There're several tools available for
analyzing protein-protein interaction data, and
we'll be using one called Cytoscape in the lab today.
It's a fairly powerful tool.
17:50
as to whether or not they're enriched are called Gene Ontology terms.
So an ontology is a controlled vocabulary for describing
a knowledge system, and in the case of the Gene Ontology for
classifying genes or gene products, actually,
there are three main organizing principles.
And those are molecular function,
biological process, and cellular component.
18:24
like cell growth and/or maintenance. Such as nuclear division.
And nuclear division in turn, would
contain some subset of genes of a given organism.
So Gene Ontology is organism agnostic.
And that's actually quite nice, because then
you can actually start to compare between organisms.
Now, GO was initially proposed
in 1998, by Michal Ashburner for an ISMB bioinformatics conference in Montreal.
And its aims were to develop a set of shared vocabularies of terms that describe
aspects of molecular biology and that are common to more than one life form.
To describe gene products held in each, contributing model organism database.
And to provide a scientific resource
for access to the vocabularies, the annotations
and the associated data, and to provide
a software resource to assist in the
curation of GO term assignments to biological objects.
So the structure of GO is an acyclic graph,
and I'll show you what that
means in a minute, and it simply means that
one child term can have more than one parent term.
We can explore GO using godatabase.org.
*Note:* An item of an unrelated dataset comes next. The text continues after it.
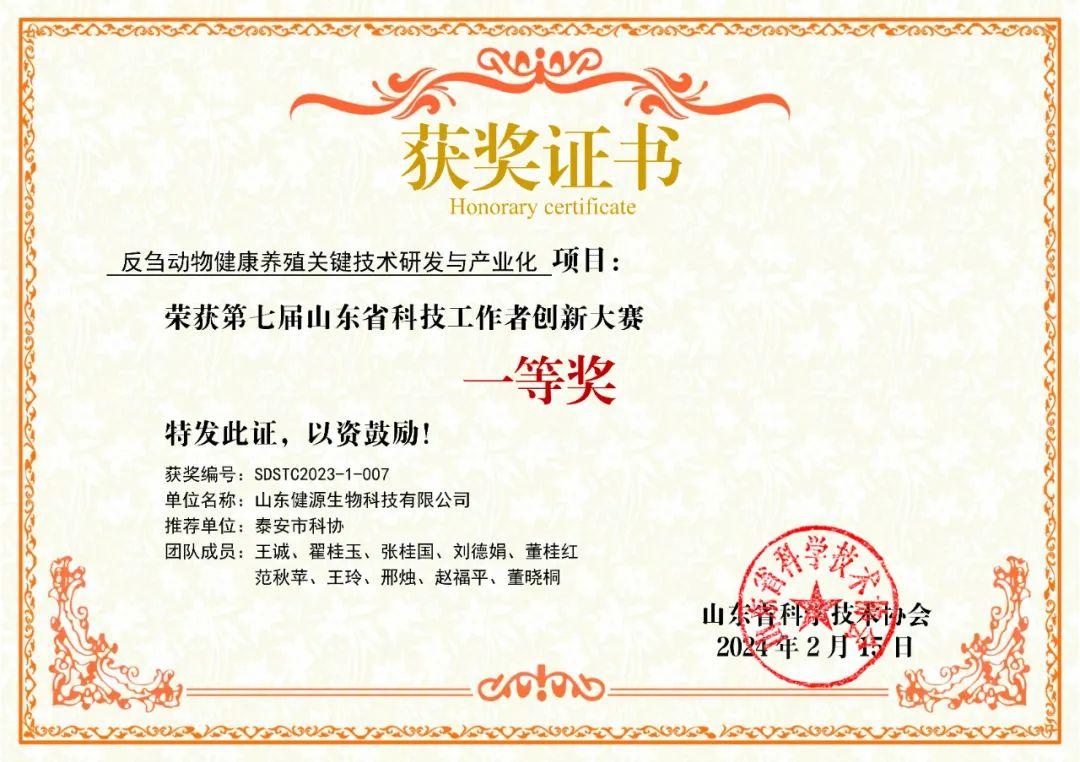 健源生物項目榮獲山東省第七屆科技工作者創新大賽一等獎

And
19:46
here is an example of the GO-Biological Process for DNA metabolism.
We see several sub-categories underneath that, such as DNA degradation,
DNA replication, DNA recombination. And under,
say, the category DNA ligation, we could have genes from yeast in blue.
We could have genes from drosophila in
magenta and the corresponding genes from mouse in red.
So really it doesn't matter what the organism is, they
can all use the Gene Ontology term for DNA ligation,
to ascribe a particular function to a gene or set
of genes. The other aspect of the GO, the
Gene Ontology that I was just mentioning, is this directed acyclic
nature of the graph. And we see that DNA ligation actually has
three parent terms: DNA recombination, DNA repair and DNA-dependent DNA replication.
So it's not a hierarchical structure. It is this, this directed acyclic graph,
21:00
which makes it very flexible.
So in order to assess whether or not
any categories, in particular, GO categories are
enriched in particular sets of protein that
interact, we can use a hypergeometric P value.
And this is just a bit of information, from Excel, actually.
We can calculate the,
hypergeometric test score, P value, using this function in Excel, HYPGEOMDIST.
And we need four parameters, we need the sample size,
which is the number of genes in your list with a
given function, we need the number in the sample, is
the total number of genes in our list of interest.
We also need the population,
s, which is the total number of genes with a given function.
And that's the total number of genes available for sampling,
and the number of population is the total number of genes.
22:12
And out of the, the total number genes in the list, and then in,
in the overall set of genes, or gene products, what are
the total number of genes with that function, and, then the
total, what is the number of genes in total?
If that makes sense.
So we can use the P-value to assess whether
or not a particular GO category is enriched for a set
of protein-protein interactions.
And that will help us to get an idea of what that set of proteins might do.
22:47
And you might be asking, well, why do we care about that?
And the reason is that oftentimes these protein-protein interactions are
determined in the absence of any information about the biology.
So in the case of yeast two-hybrid
system, not really focused on any particular aspect of biology, we
just generate whether or not the set of/ pair of proteins interact.
And so, then, using such methods as GO enrichment can really be helpful
to make sense of the large data sets that are generated.